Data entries
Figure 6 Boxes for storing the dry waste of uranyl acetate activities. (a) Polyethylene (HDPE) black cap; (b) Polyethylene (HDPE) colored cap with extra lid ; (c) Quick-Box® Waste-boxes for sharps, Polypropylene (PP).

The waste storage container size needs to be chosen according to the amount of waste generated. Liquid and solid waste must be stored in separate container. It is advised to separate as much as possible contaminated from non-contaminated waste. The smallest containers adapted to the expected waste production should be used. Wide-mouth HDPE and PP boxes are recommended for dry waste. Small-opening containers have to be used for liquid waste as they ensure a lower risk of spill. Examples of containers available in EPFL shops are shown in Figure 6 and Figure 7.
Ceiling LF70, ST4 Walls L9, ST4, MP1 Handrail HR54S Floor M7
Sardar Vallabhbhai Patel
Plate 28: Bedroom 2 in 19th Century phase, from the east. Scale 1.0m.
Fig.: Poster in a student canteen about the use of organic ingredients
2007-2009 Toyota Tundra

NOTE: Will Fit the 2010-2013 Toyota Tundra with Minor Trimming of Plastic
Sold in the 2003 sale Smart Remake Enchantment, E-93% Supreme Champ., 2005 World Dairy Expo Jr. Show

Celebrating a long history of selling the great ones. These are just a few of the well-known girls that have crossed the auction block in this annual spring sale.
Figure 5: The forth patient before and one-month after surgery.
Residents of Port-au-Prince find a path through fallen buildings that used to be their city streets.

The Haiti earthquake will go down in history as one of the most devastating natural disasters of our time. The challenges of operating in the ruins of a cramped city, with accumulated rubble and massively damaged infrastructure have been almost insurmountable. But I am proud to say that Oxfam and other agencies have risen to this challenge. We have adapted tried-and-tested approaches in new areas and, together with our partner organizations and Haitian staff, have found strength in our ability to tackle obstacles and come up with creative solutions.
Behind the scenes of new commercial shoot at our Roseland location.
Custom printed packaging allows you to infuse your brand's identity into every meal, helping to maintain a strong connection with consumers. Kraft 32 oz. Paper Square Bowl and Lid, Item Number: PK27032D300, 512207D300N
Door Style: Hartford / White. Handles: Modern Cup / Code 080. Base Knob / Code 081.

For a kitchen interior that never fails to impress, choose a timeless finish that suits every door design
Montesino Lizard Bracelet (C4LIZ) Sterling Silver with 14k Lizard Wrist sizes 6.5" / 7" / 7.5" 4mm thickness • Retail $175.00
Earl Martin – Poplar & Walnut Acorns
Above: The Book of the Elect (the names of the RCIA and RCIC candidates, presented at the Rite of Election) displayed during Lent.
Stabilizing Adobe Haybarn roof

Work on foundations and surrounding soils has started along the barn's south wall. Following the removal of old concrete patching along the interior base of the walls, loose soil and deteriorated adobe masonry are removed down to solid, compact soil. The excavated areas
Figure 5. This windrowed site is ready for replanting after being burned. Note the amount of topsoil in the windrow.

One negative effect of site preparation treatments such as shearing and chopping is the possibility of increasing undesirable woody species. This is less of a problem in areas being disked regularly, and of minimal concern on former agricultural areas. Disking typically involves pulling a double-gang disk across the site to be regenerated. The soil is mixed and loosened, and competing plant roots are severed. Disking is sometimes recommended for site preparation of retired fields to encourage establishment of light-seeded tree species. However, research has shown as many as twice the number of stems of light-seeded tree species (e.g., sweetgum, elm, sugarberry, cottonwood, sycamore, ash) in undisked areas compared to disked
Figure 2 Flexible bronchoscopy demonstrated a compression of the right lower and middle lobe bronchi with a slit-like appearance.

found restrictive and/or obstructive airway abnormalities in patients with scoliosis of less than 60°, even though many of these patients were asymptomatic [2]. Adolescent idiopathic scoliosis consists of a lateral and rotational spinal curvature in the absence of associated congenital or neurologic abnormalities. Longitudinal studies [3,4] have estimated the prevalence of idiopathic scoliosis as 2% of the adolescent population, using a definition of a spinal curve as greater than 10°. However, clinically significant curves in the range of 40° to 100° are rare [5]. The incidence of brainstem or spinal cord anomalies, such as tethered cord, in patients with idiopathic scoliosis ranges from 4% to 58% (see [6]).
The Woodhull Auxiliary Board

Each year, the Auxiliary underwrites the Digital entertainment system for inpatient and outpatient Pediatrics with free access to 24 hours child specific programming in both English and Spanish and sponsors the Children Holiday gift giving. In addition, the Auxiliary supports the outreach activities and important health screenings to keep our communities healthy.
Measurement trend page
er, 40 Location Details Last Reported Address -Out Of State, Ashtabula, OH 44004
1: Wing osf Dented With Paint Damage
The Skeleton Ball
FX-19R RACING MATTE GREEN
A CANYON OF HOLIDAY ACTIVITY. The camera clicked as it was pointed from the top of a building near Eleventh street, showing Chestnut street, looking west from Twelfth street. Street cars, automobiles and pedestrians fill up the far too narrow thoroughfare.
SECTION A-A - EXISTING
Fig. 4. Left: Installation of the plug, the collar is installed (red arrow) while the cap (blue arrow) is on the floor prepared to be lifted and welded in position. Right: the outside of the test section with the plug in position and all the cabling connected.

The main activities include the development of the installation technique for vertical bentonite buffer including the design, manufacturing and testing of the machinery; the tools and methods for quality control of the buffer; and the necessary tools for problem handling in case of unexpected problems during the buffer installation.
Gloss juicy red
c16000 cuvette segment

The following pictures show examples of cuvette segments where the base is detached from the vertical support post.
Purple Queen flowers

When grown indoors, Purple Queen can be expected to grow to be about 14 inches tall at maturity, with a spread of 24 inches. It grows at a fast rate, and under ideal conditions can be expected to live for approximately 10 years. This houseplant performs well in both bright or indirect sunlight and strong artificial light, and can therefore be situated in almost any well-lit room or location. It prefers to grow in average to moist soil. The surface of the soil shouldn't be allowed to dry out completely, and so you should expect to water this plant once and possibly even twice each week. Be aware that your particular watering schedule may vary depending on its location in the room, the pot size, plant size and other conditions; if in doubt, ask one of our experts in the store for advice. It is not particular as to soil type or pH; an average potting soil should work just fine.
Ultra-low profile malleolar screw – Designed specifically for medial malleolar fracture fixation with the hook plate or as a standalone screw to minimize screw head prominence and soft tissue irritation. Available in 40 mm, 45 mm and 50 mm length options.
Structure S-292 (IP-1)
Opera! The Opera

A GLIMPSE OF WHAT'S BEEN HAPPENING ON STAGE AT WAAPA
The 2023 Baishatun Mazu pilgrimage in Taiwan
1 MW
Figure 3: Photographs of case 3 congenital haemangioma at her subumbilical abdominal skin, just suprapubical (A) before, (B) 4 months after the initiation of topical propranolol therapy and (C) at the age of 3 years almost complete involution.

**Work task:**
A verbatim transcription is needed of the lines above, starting at the line with "Fig.: Poster in" and ending at the line with "Stabilizing Adobe Haybarn roof", both included, and of nothing else.

**Your solution:**
Fig.: Poster in a student canteen about the use of organic ingredients
2007-2009 Toyota Tundra

NOTE: Will Fit the 2010-2013 Toyota Tundra with Minor Trimming of Plastic
Sold in the 2003 sale Smart Remake Enchantment, E-93% Supreme Champ., 2005 World Dairy Expo Jr. Show

Celebrating a long history of selling the great ones. These are just a few of the well-known girls that have crossed the auction block in this annual spring sale.
Figure 5: The forth patient before and one-month after surgery.
Residents of Port-au-Prince find a path through fallen buildings that used to be their city streets.

The Haiti earthquake will go down in history as one of the most devastating natural disasters of our time. The challenges of operating in the ruins of a cramped city, with accumulated rubble and massively damaged infrastructure have been almost insurmountable. But I am proud to say that Oxfam and other agencies have risen to this challenge. We have adapted tried-and-tested approaches in new areas and, together with our partner organizations and Haitian staff, have found strength in our ability to tackle obstacles and come up with creative solutions.
Behind the scenes of new commercial shoot at our Roseland location.
Custom printed packaging allows you to infuse your brand's identity into every meal, helping to maintain a strong connection with consumers. Kraft 32 oz. Paper Square Bowl and Lid, Item Number: PK27032D300, 512207D300N
Door Style: Hartford / White. Handles: Modern Cup / Code 080. Base Knob / Code 081.

For a kitchen interior that never fails to impress, choose a timeless finish that suits every door design
Montesino Lizard Bracelet (C4LIZ) Sterling Silver with 14k Lizard Wrist sizes 6.5" / 7" / 7.5" 4mm thickness • Retail $175.00
Earl Martin – Poplar & Walnut Acorns
Above: The Book of the Elect (the names of the RCIA and RCIC candidates, presented at the Rite of Election) displayed during Lent.
Stabilizing Adobe Haybarn roof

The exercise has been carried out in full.